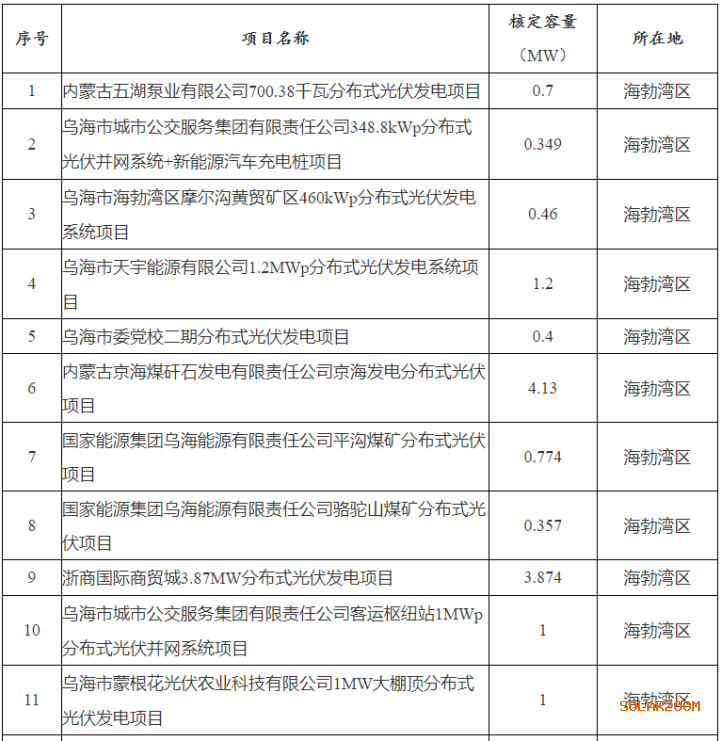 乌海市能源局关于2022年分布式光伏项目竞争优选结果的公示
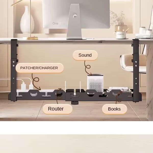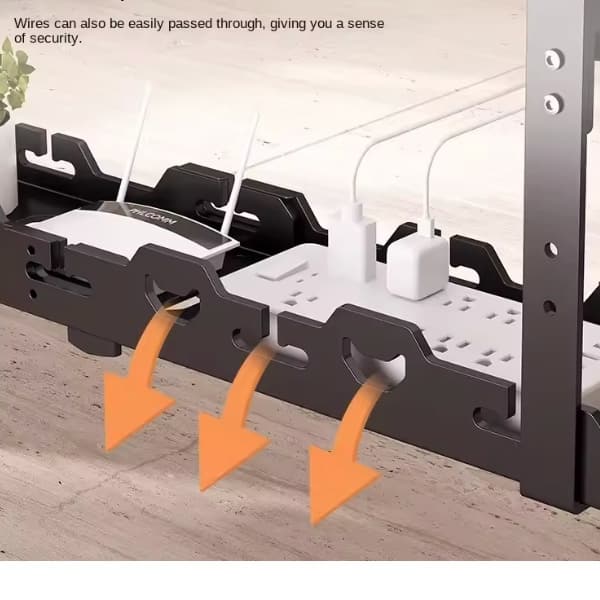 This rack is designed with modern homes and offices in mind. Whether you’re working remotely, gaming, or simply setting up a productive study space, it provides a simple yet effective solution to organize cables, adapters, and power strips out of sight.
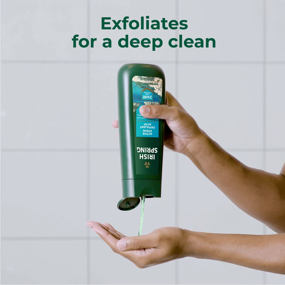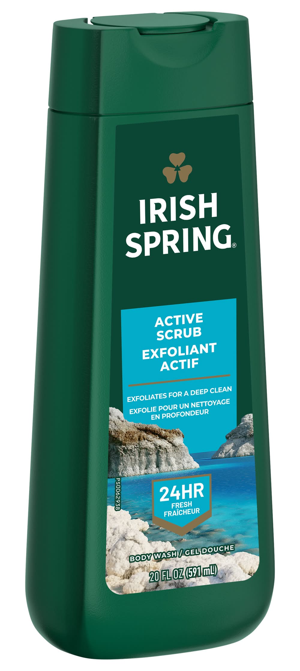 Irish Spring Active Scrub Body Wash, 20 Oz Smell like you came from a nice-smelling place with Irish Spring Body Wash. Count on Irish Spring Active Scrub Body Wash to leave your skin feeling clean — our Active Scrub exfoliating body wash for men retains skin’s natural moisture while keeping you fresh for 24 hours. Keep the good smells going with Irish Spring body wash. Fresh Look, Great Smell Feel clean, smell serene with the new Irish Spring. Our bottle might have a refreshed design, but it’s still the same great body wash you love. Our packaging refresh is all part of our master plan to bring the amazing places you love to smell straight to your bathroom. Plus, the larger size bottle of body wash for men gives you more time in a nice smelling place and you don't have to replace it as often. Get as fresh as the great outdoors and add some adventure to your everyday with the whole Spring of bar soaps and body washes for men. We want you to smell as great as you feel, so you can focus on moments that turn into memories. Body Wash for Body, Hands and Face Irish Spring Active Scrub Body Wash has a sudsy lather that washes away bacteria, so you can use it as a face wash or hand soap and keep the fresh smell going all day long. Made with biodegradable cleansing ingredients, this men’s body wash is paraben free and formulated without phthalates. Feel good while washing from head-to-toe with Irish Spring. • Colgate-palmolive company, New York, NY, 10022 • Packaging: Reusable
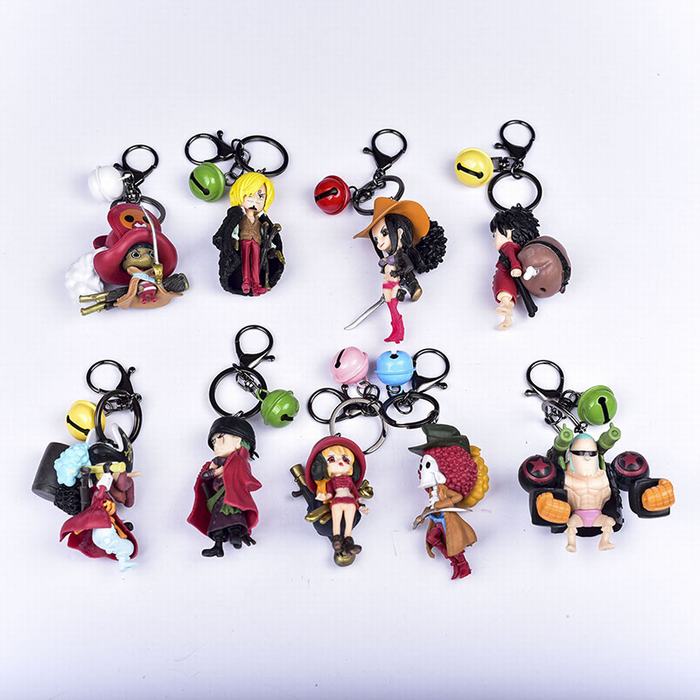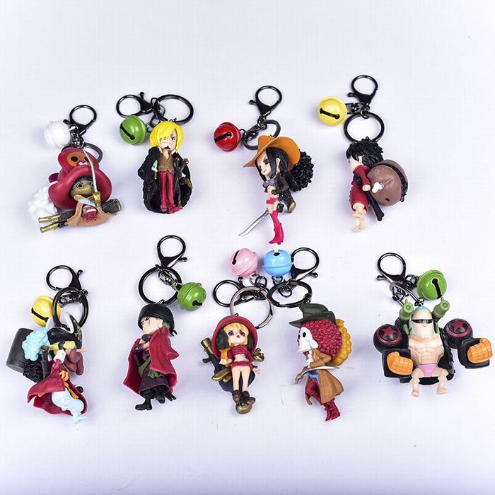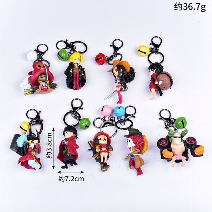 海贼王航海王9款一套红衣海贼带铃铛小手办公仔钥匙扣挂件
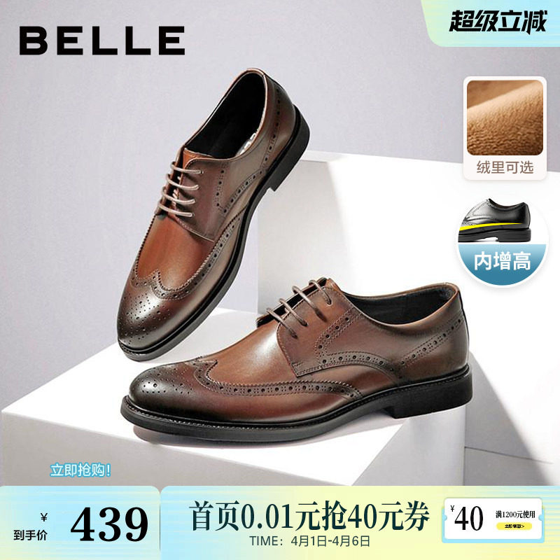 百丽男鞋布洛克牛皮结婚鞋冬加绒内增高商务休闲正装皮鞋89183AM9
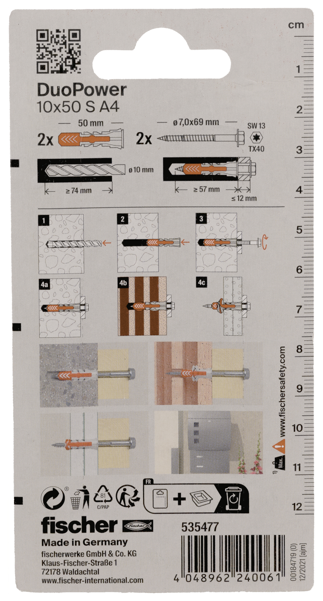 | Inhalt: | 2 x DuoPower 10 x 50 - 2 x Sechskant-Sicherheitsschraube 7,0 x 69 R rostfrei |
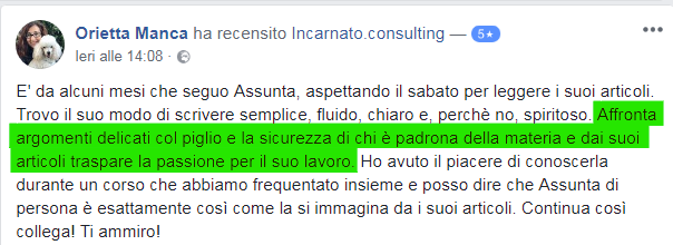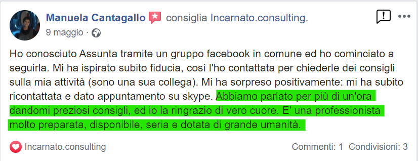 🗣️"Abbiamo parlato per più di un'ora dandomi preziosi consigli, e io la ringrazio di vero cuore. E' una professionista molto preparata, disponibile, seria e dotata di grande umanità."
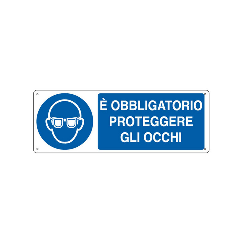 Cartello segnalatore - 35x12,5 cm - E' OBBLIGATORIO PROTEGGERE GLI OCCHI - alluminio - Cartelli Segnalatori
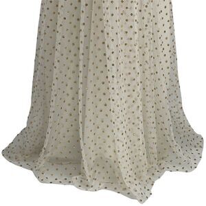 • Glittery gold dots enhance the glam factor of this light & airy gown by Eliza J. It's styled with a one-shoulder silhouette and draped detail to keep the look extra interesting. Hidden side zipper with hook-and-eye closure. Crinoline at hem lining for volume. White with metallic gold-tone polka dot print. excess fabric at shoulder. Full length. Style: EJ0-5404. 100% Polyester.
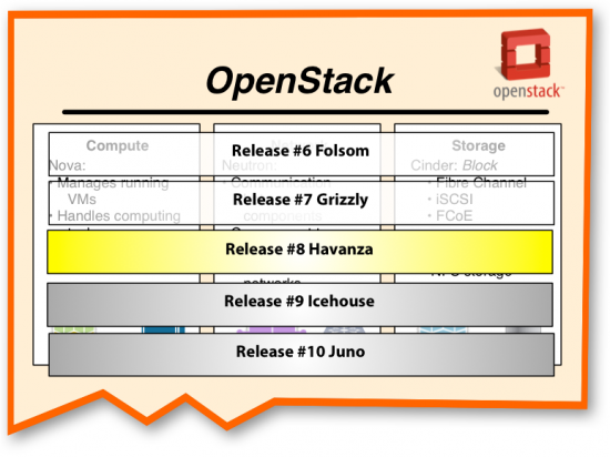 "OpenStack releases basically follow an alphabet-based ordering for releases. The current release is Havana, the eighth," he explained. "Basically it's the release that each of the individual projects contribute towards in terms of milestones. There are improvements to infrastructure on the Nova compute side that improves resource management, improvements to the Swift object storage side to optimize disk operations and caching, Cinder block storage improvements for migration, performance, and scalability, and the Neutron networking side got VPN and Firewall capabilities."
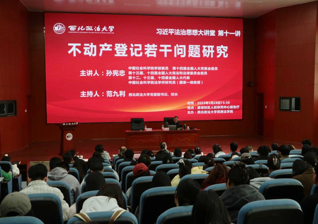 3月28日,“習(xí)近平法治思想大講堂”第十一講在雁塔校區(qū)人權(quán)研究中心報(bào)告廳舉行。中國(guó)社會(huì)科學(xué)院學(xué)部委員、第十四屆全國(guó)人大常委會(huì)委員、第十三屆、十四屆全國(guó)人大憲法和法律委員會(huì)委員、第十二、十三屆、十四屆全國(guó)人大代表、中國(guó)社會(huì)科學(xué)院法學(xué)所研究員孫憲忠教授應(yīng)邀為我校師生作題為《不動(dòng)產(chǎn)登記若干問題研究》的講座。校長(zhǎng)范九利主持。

* * * * *

* _WORK TASK_
Could you set down, exactly as written, every line from the start of the records above through the line containing "This rack is", leaving the pictures out?

* _RESPONSE TO THE TASK_
 乌海市能源局关于2022年分布式光伏项目竞争优选结果的公示
 This rack is designed with modern homes and offices in mind. Whether you’re working remotely, gaming, or simply setting up a productive study space, it provides a simple yet effective solution to organize cables, adapters, and power strips out of sight.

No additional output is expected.